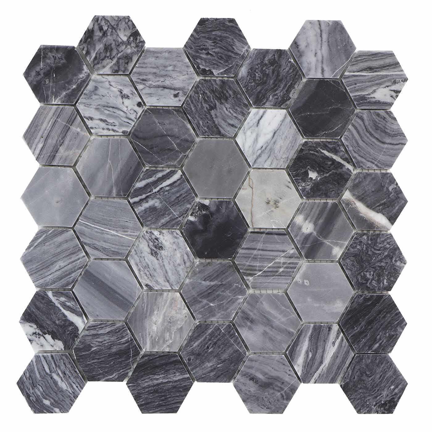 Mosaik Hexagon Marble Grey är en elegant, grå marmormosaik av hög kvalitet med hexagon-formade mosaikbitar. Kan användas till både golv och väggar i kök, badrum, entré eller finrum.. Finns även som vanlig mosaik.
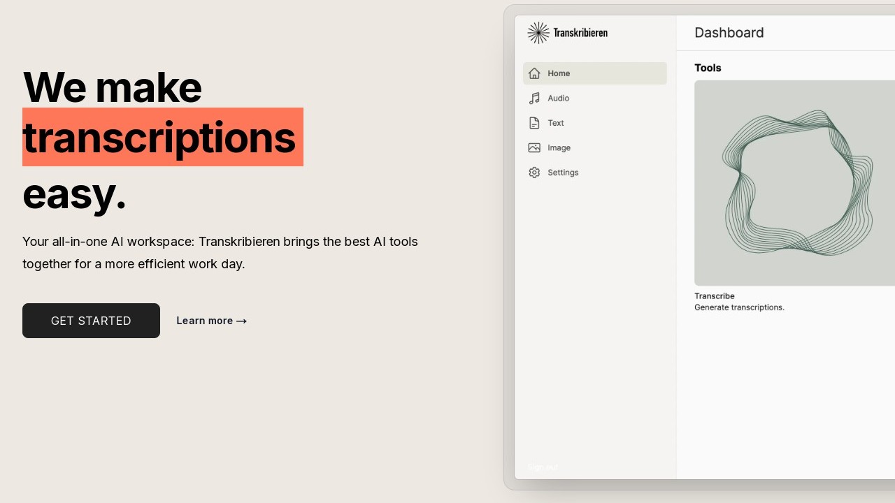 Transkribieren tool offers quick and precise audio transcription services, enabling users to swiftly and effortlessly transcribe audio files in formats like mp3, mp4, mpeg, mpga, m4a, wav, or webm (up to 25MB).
========
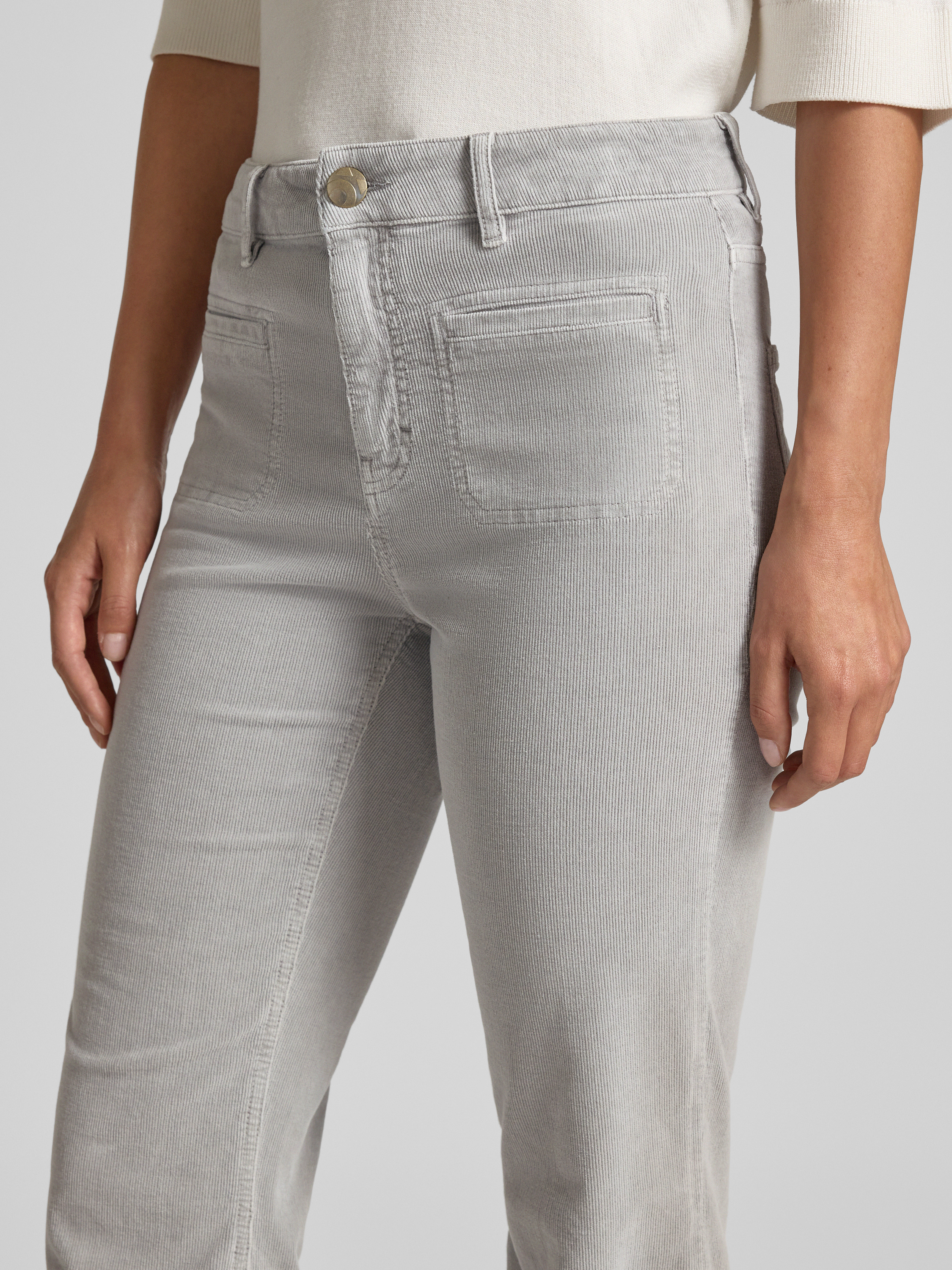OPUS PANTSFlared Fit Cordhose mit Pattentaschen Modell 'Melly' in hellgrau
========
Your instructions:
Above is the material; set down exactly its lines from the one containing "Mosaik Hexagon Marble" down to the one containing "Transkribieren tool offers", both included, leaving out any pictures.

Reply to the exercise:
 Mosaik Hexagon Marble Grey är en elegant, grå marmormosaik av hög kvalitet med hexagon-formade mosaikbitar. Kan användas till både golv och väggar i kök, badrum, entré eller finrum.. Finns även som vanlig mosaik.
 Transkribieren tool offers quick and precise audio transcription services, enabling users to swiftly and effortlessly transcribe audio files in formats like mp3, mp4, mpeg, mpga, m4a, wav, or webm (up to 25MB).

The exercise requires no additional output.